Problem: Start to finish, write out the entries exactly, leaving the pictures aside.

═══ Exercise data ═══

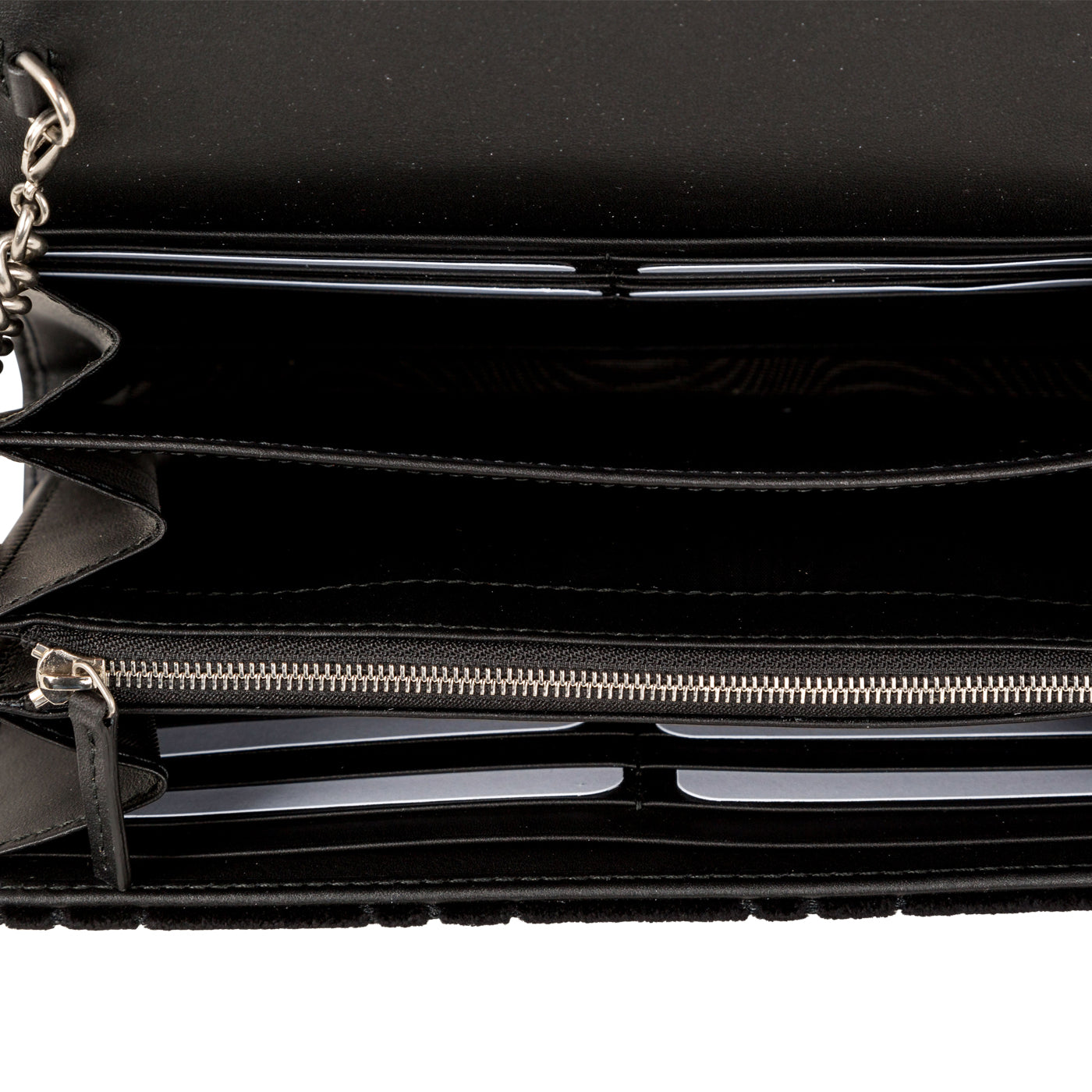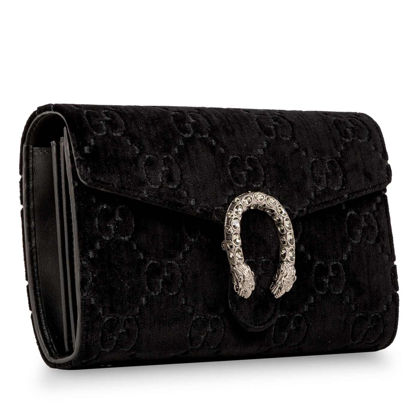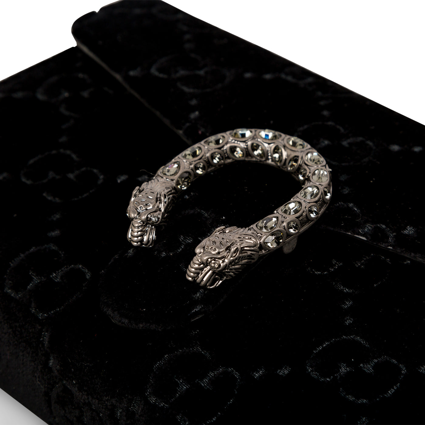 The very popular Gucci signature GG motif has been reworked in beautiful black velvet for the Dionysus WOC. Made in Italy the Dionysus shoulder bag is suspended from a sliding chain that can be worn multiple ways. The tiger head is enriched with crystals remains an eye catching feature on this defining silhouette. The Dionysus is the perfect statement handbag to be added to any collection.
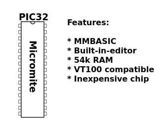 Micromite chip es realmente un PIC32MX150 o un PIC32MX170 (disponible de Microchip, Inc.) cargado con un código abierto especial "Micromite" software creado por Geoff Graham. Las virutas pueden obtenerse previamente programado con el software Micromite de Micromite.org. Incluso los miembros de los foros de Propellerpowered se han intensificando y ofreciendo chips programados para un dólar o dos sobre el costo. Si tienes un Pickit 3 programador, puede crear su propio usando los archivos .hex en la Página de Geoff.
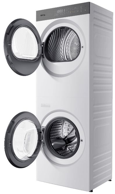 Компактная вертикальная конструкция – экономит площадь в помещении, заменяя два отдельных прибора (стиральную и сушильную машины) одним, требующим только одного подключения.
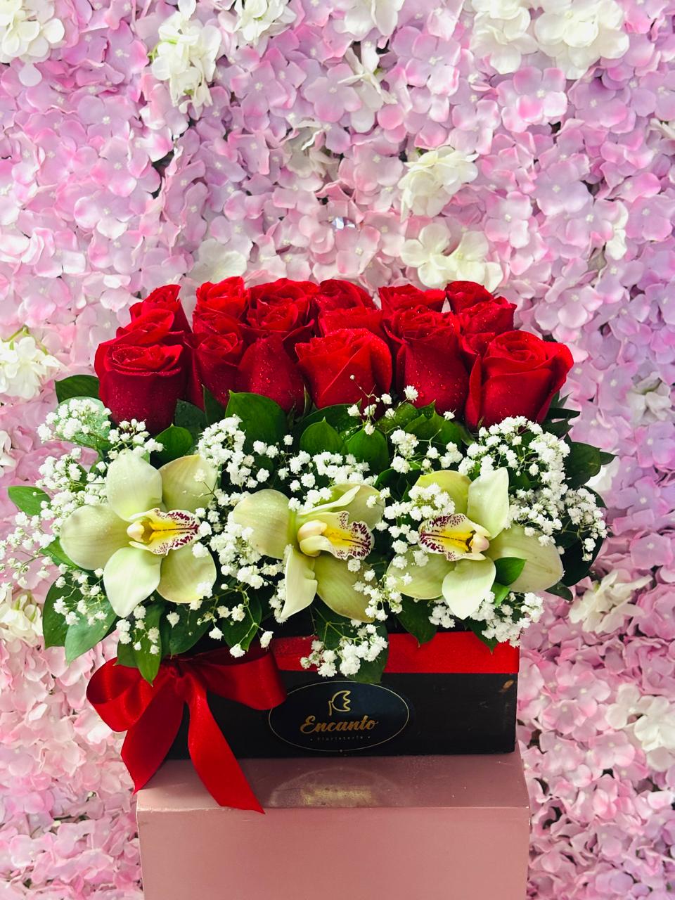 Base rectangular de madera rústica, con moño de raso, 18 rosas rojas a nivel, 3 orquídeas, rusco yipsophilias.
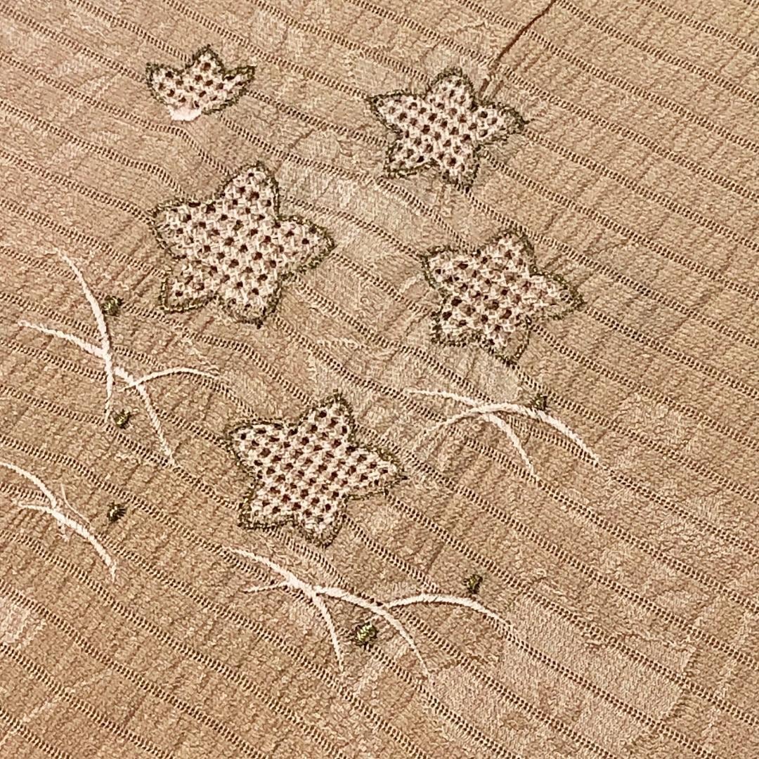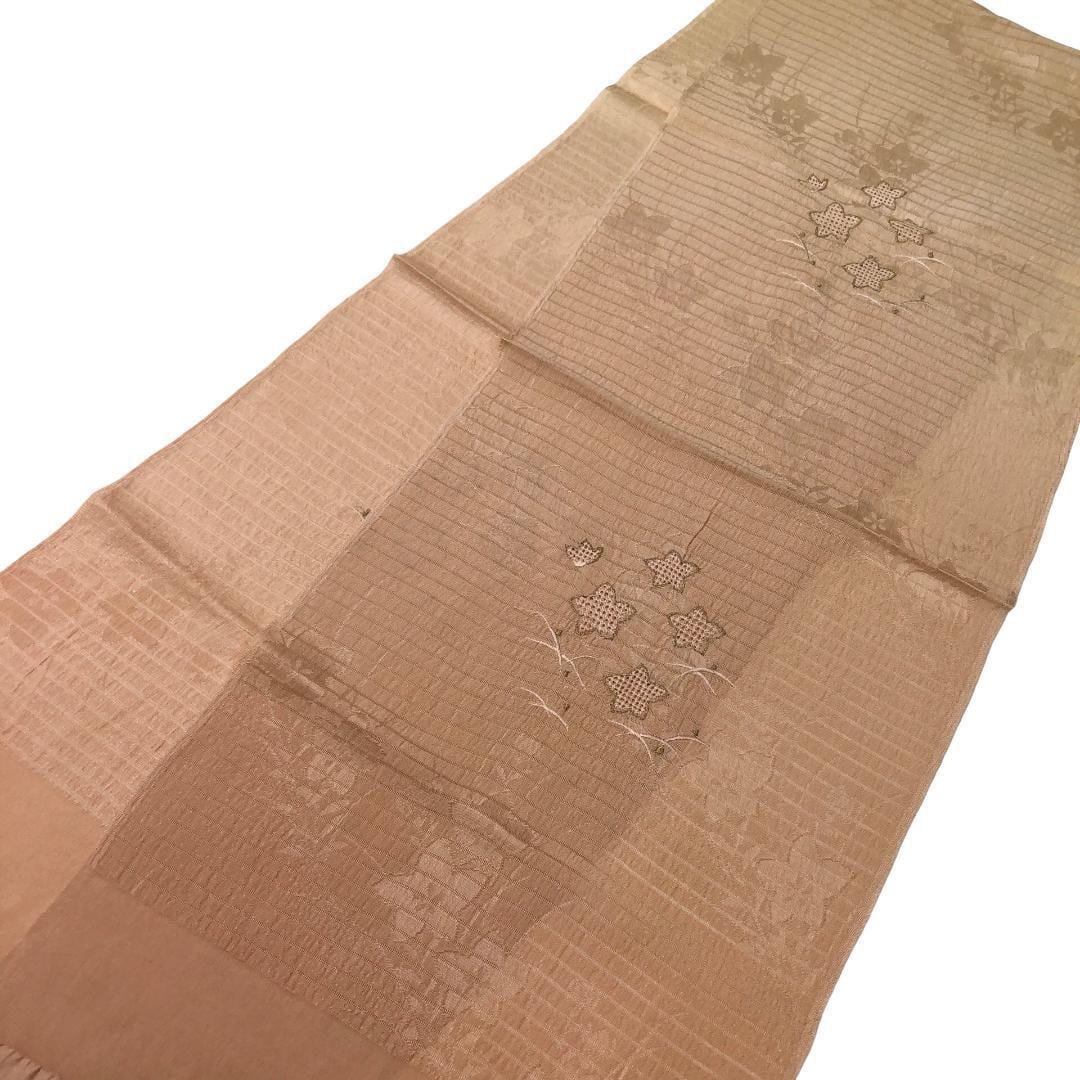 薄大和柿色のお色味に刺繍で桔梗に露芝の柄裄がデザインされた素敵なお品でございます。
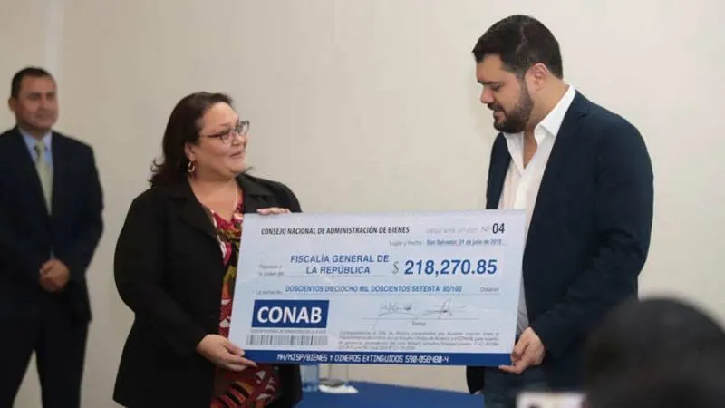 Ante la presencia del Fiscal agregado del Departamento de Justicia de los Estados Unidos, Carlos Wolsh, y las autoridades de justicia salvadoreñas, el Consejo Nacional de Administración de Bienes (Conab) distribuyó la suma de dinero que correspondió a El Salvador.
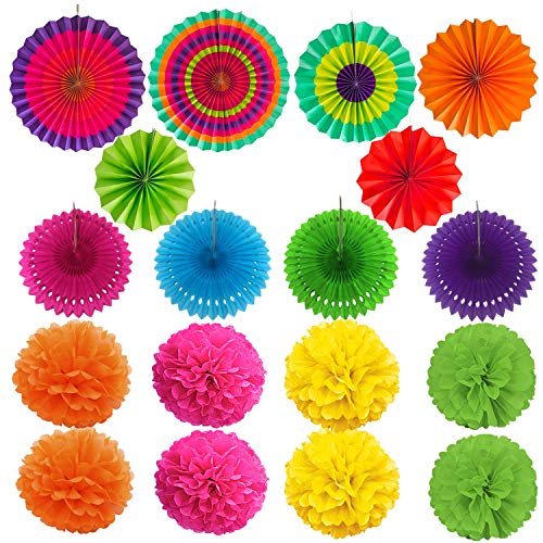 Specification: ZERODECO Party Decoration, 21 Pcs Multi-color Hanging Paper Fans, Pom Poms Flowers, Garlands String Polka Dot and Triangle Bunting Flags for Birthday Parties, Wedding Décor, Fiesta or Mexican Party

═══

Problem solution:
 The very popular Gucci signature GG motif has been reworked in beautiful black velvet for the Dionysus WOC. Made in Italy the Dionysus shoulder bag is suspended from a sliding chain that can be worn multiple ways. The tiger head is enriched with crystals remains an eye catching feature on this defining silhouette. The Dionysus is the perfect statement handbag to be added to any collection.
 Micromite chip es realmente un PIC32MX150 o un PIC32MX170 (disponible de Microchip, Inc.) cargado con un código abierto especial "Micromite" software creado por Geoff Graham. Las virutas pueden obtenerse previamente programado con el software Micromite de Micromite.org. Incluso los miembros de los foros de Propellerpowered se han intensificando y ofreciendo chips programados para un dólar o dos sobre el costo. Si tienes un Pickit 3 programador, puede crear su propio usando los archivos .hex en la Página de Geoff.
 Компактная вертикальная конструкция – экономит площадь в помещении, заменяя два отдельных прибора (стиральную и сушильную машины) одним, требующим только одного подключения.
 Base rectangular de madera rústica, con moño de raso, 18 rosas rojas a nivel, 3 orquídeas, rusco yipsophilias.
 薄大和柿色のお色味に刺繍で桔梗に露芝の柄裄がデザインされた素敵なお品でございます。
 Ante la presencia del Fiscal agregado del Departamento de Justicia de los Estados Unidos, Carlos Wolsh, y las autoridades de justicia salvadoreñas, el Consejo Nacional de Administración de Bienes (Conab) distribuyó la suma de dinero que correspondió a El Salvador.
 Specification: ZERODECO Party Decoration, 21 Pcs Multi-color Hanging Paper Fans, Pom Poms Flowers, Garlands String Polka Dot and Triangle Bunting Flags for Birthday Parties, Wedding Décor, Fiesta or Mexican Party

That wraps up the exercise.